== Data for this task ==
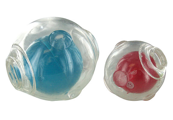 Dogs can't resist these squeaker toys. They love the sound and the squeakability! Inside the see-through outer ball, there's a squeaker ball with dual-squeaker technology so that the toy makes different sounds depending on how the ball is squeezed.
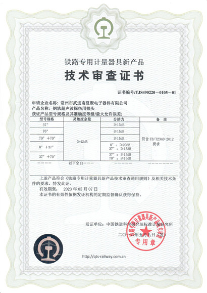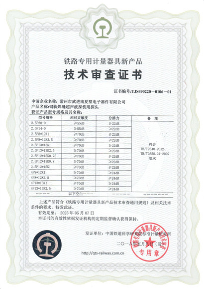 2018年,中国铁道科学研究院标准计量研究所对公司生产的钢轨超声波探伤用探头和钢轨焊缝超声波探伤用探头进行了技术审查,并在5月颁发了技术审查证书。我公司成为首批通过中国铁道科学研究院标准计量研究所技术审查的超声波换能器专业生产企业。
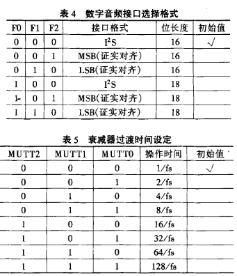F0、F1、F2與FO/DATA、F1/REQ、F2/SCK腳的控制方法相同,其主要作用是選擇數(shù)字音頻接口格式,具體操作如表4所列。
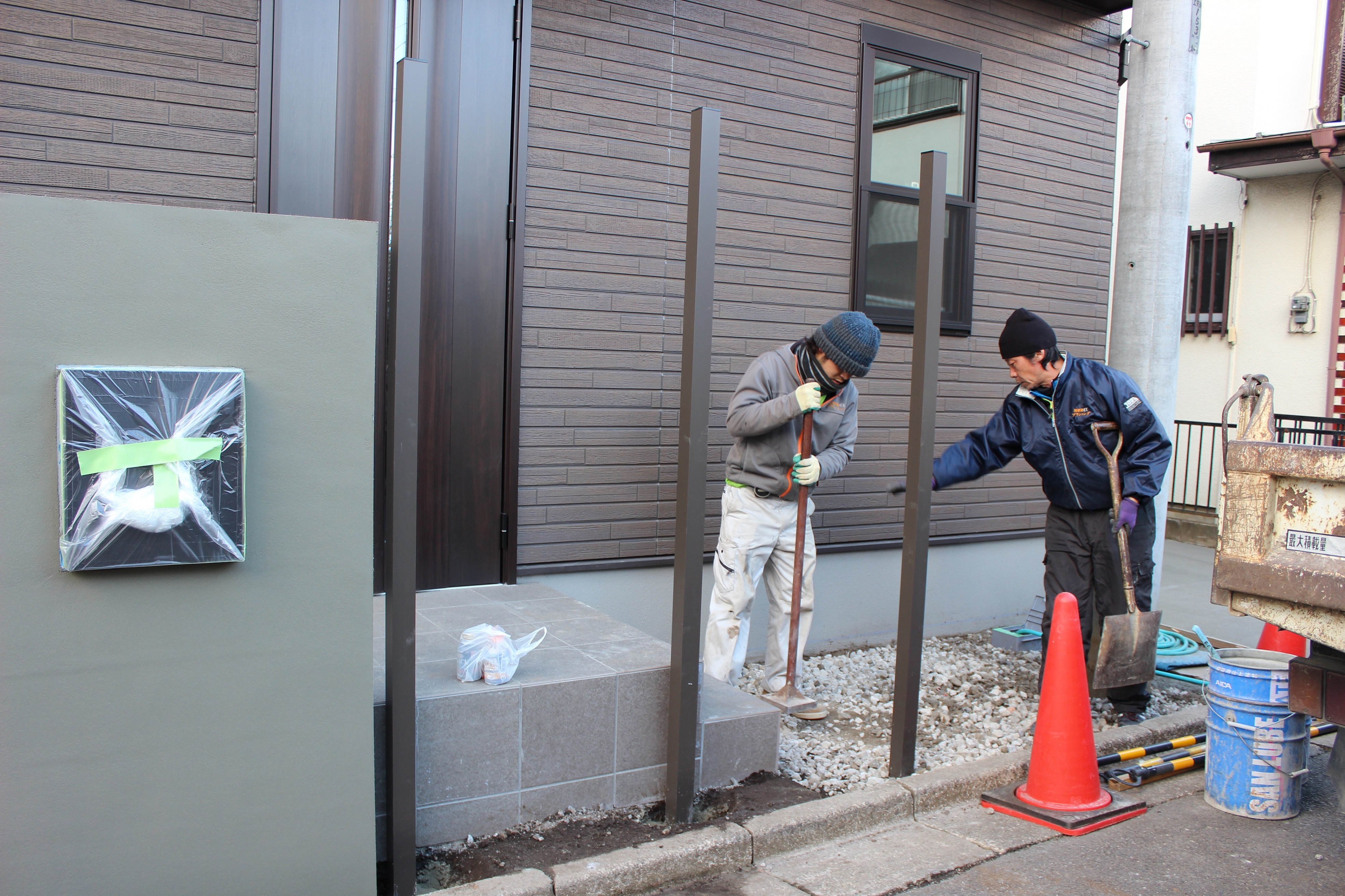 例えば、お子さんの急な飛び出しにプラスして多少の目隠しがほしいという相談の場合玄関前にブロック塀やポールを建てる提案しています。
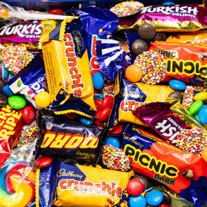 Cadbury favourites (dairy milk, caramilk, moro, turkish delight, crunchie, twirl, picnic, old gold, boost, cherry ripe, dairy milk marvellous creations)
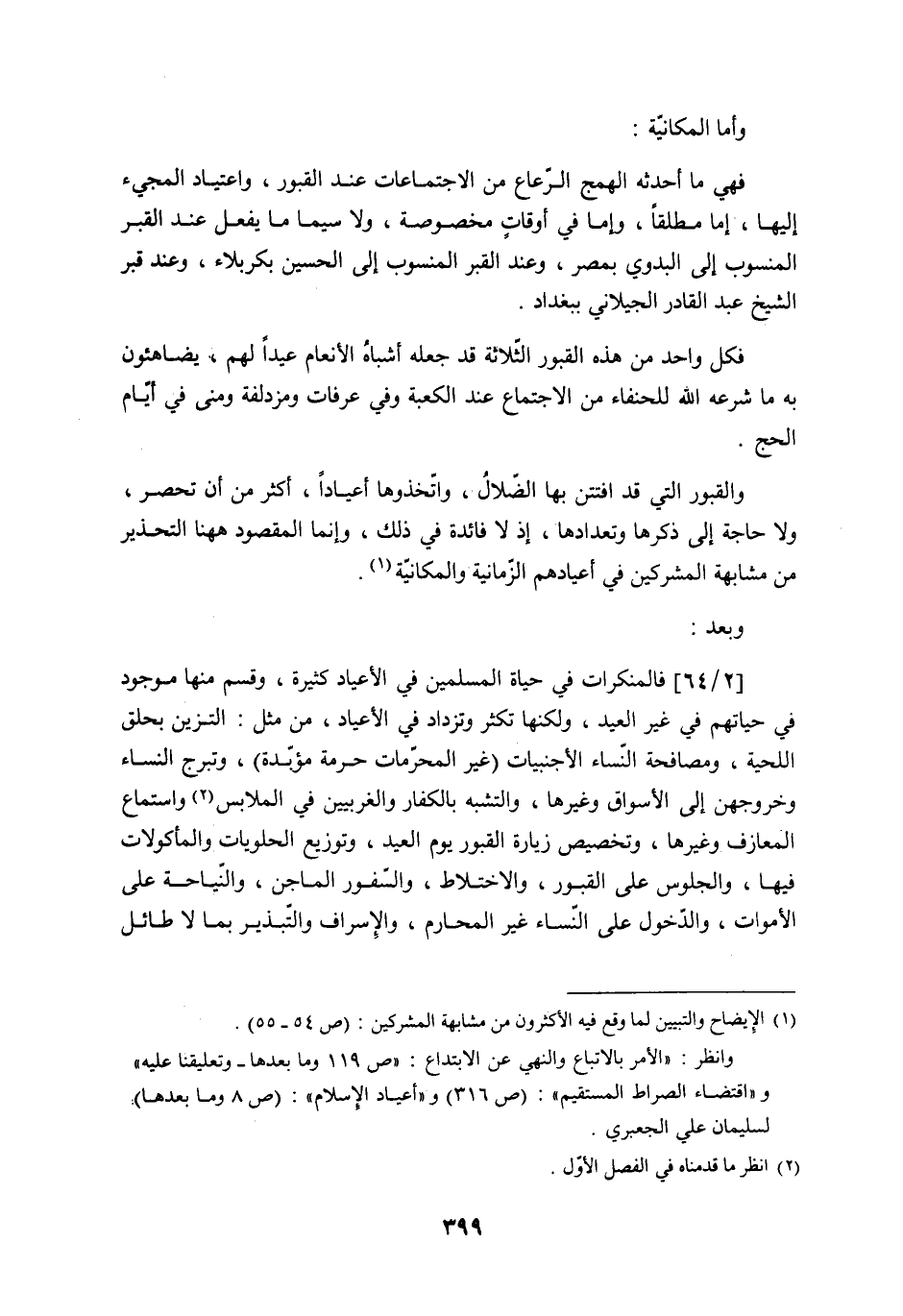 فكل واحد من هذه القبور الثّلاثة قد جعله أشباهُ الأنعام عيداً لهم، يضاهئون به ما شرعه الله للحنفاء من الاجتماع عند الكعبة وفي عرفات ومزدلفة ومنى في أيّام الحج. والقبور التي قد افتتن بها الضّلالُ، واتّخذوها أعياداً، أكثر من أن تحصر، ولا حاجة إلى ذكرها وتعدادها، إذ لا

== Work instructions ==
What you output should match the records line for line, minus the pictures.

== Your solution ==
 Dogs can't resist these squeaker toys. They love the sound and the squeakability! Inside the see-through outer ball, there's a squeaker ball with dual-squeaker technology so that the toy makes different sounds depending on how the ball is squeezed.
 2018年,中国铁道科学研究院标准计量研究所对公司生产的钢轨超声波探伤用探头和钢轨焊缝超声波探伤用探头进行了技术审查,并在5月颁发了技术审查证书。我公司成为首批通过中国铁道科学研究院标准计量研究所技术审查的超声波换能器专业生产企业。
F0、F1、F2與FO/DATA、F1/REQ、F2/SCK腳的控制方法相同,其主要作用是選擇數(shù)字音頻接口格式,具體操作如表4所列。
 例えば、お子さんの急な飛び出しにプラスして多少の目隠しがほしいという相談の場合玄関前にブロック塀やポールを建てる提案しています。
 Cadbury favourites (dairy milk, caramilk, moro, turkish delight, crunchie, twirl, picnic, old gold, boost, cherry ripe, dairy milk marvellous creations)
 فكل واحد من هذه القبور الثّلاثة قد جعله أشباهُ الأنعام عيداً لهم، يضاهئون به ما شرعه الله للحنفاء من الاجتماع عند الكعبة وفي عرفات ومزدلفة ومنى في أيّام الحج. والقبور التي قد افتتن بها الضّلالُ، واتّخذوها أعياداً، أكثر من أن تحصر، ولا حاجة إلى ذكرها وتعدادها، إذ لا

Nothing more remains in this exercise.